--- DATA PROVIDED ---
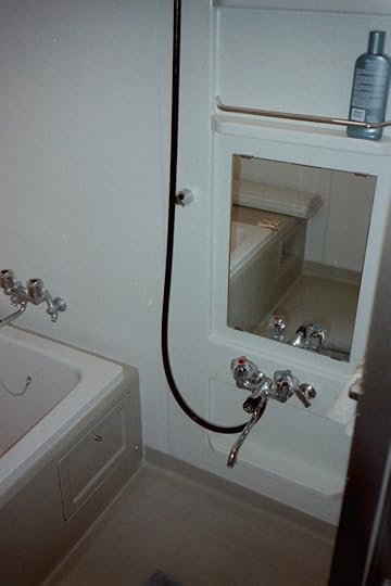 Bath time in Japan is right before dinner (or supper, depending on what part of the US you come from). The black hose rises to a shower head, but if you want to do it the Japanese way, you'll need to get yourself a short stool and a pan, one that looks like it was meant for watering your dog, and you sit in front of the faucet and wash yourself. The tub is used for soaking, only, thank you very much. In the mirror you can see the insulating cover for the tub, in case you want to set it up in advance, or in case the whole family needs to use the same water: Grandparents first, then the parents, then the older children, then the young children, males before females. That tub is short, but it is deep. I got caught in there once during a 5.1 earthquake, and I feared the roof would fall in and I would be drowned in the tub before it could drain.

==

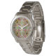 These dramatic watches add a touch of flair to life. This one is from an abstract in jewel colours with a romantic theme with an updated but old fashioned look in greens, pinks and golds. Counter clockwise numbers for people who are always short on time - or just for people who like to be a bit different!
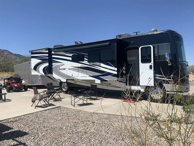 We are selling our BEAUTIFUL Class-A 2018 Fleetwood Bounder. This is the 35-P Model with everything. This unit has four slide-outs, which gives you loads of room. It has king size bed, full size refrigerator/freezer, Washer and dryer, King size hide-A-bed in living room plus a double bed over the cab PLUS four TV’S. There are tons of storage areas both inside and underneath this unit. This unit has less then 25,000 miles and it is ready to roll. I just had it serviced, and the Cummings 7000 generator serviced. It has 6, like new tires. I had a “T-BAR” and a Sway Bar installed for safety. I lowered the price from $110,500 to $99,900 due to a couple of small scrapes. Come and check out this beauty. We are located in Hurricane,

--- GOAL OF THE EXERCISE ---
What's needed is an exact copy of the lines above from the one with "These dramatic watches" through the one with "We are selling", both included; the pictures stay out.

--- RESPONSE TO THIS EXERCISE ---
 These dramatic watches add a touch of flair to life. This one is from an abstract in jewel colours with a romantic theme with an updated but old fashioned look in greens, pinks and golds. Counter clockwise numbers for people who are always short on time - or just for people who like to be a bit different!
 We are selling our BEAUTIFUL Class-A 2018 Fleetwood Bounder. This is the 35-P Model with everything. This unit has four slide-outs, which gives you loads of room. It has king size bed, full size refrigerator/freezer, Washer and dryer, King size hide-A-bed in living room plus a double bed over the cab PLUS four TV’S. There are tons of storage areas both inside and underneath this unit. This unit has less then 25,000 miles and it is ready to roll. I just had it serviced, and the Cummings 7000 generator serviced. It has 6, like new tires. I had a “T-BAR” and a Sway Bar installed for safety. I lowered the price from $110,500 to $99,900 due to a couple of small scrapes. Come and check out this beauty. We are located in Hurricane,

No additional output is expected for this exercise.